Surprising Stats
Did you know? . . .
I
“In the United States, the government controls 84 percent of health spending. That’s a larger share than in 27 out of 38 OECD-member nations, including the United Kingdom (83 percent) and Canada (73 percent), each of which has an explicitly socialized health care system. When it comes to government control of health spending, the United States is closer to communist Cuba (89 percent) than the average OECD nation (75 percent).”
And
“The health care industry spends six times what the defense industry does on lobbying Congress.”

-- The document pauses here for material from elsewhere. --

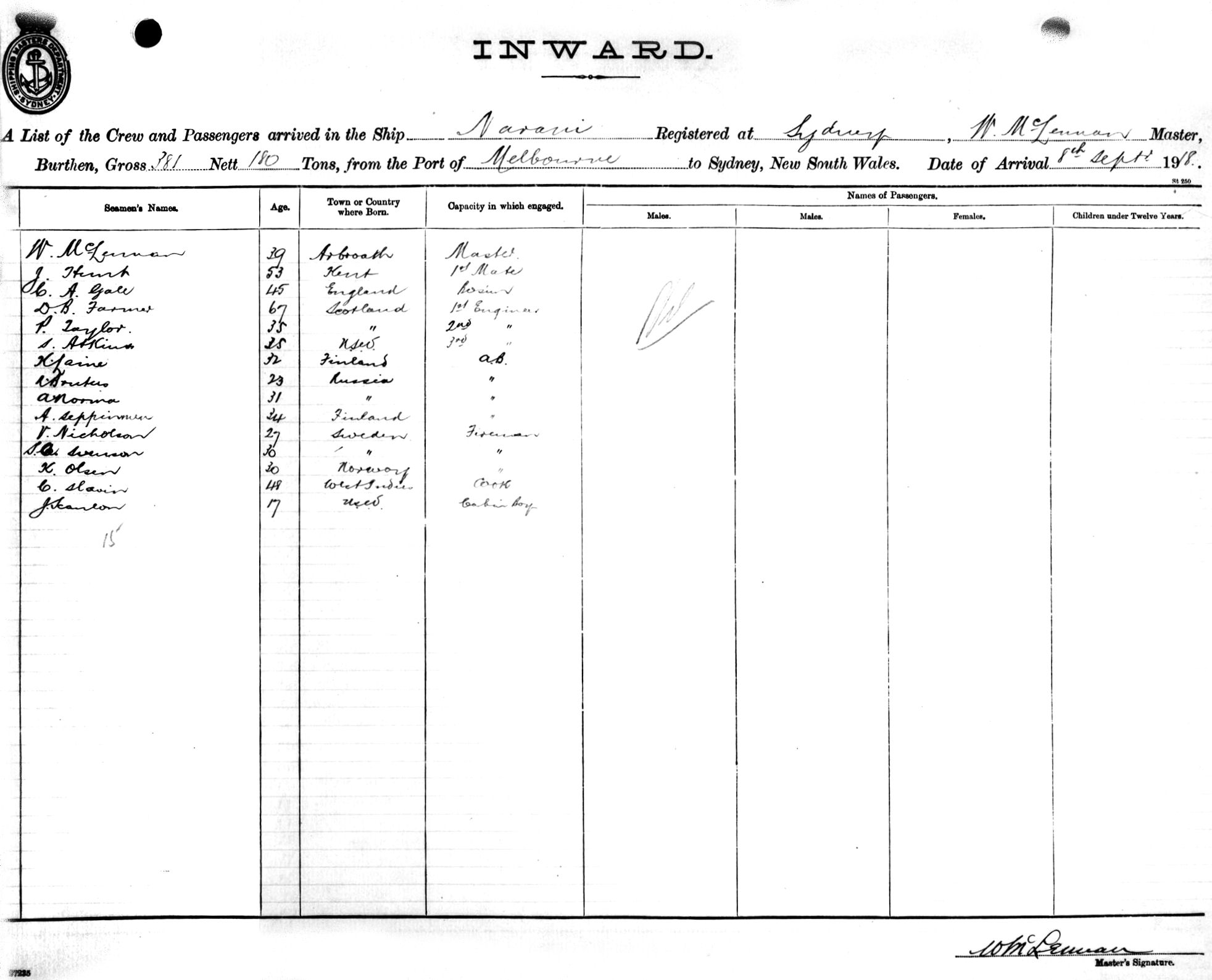NARANIOF SYDNEY, W. MCLENNAN, MASTER, BURTHEN 381/180 TONS FROM THE PORT OF MELBOURNE TO SYDNEY, NEW SOUTH WALES, 8TH SEPTEMBER 1918 |

Source: Michael Cannon at Cato
II
Referring to the Economic Freedom of the World Report: “As the authors point out, between 1933 and 2016 (before the first Trump administration), the effective tariff rate in the United States fell from about 20 percent to less than 2 percent. Trumpian protectionism, however, means that the effective US tariff rate now stands at 20.2 percent, well above the global trade-weighted average of 2.5 percent. Such is the magnitude of the increase in US tariffs that the United States now ranks a lowly 161 out of 165 countries examined in the report in the tariff subcomponent score, just behind Iran. The United States now keeps company with poorer, authoritarian regimes rather than wealthier, market-oriented democracies, a bloc it once led.”
Source: Economic Freedom of the World 2025
III
“The [chart below] depicts changes in the share of twelfth-grade students hitting “proficient” from the baseline years of 1992 for reading and 2005 for math. It also shows the percentage change in inflation-adjusted spending per pupil from the 1992 baseline. The results are not good: real spending rose more than 50 percent, while the share of students proficient in reading dropped 6 percentage points—from 40 percent in 1992 to only 34 percent in 2024—and in math fell 1 percentage point, from 23 percent in 2005 to 22 percent in 2024.”
Source: Neal McCluskey at Cato
IV
“In the first three months of 2025, U.S. companies canceled, downsized or mothballed nearly $8 billion worth of supply chain projects — including more than $2.2 billion tied to battery plants. That single quarter exceeded the combined losses of the previous two years, according to Atlas Public Policy.”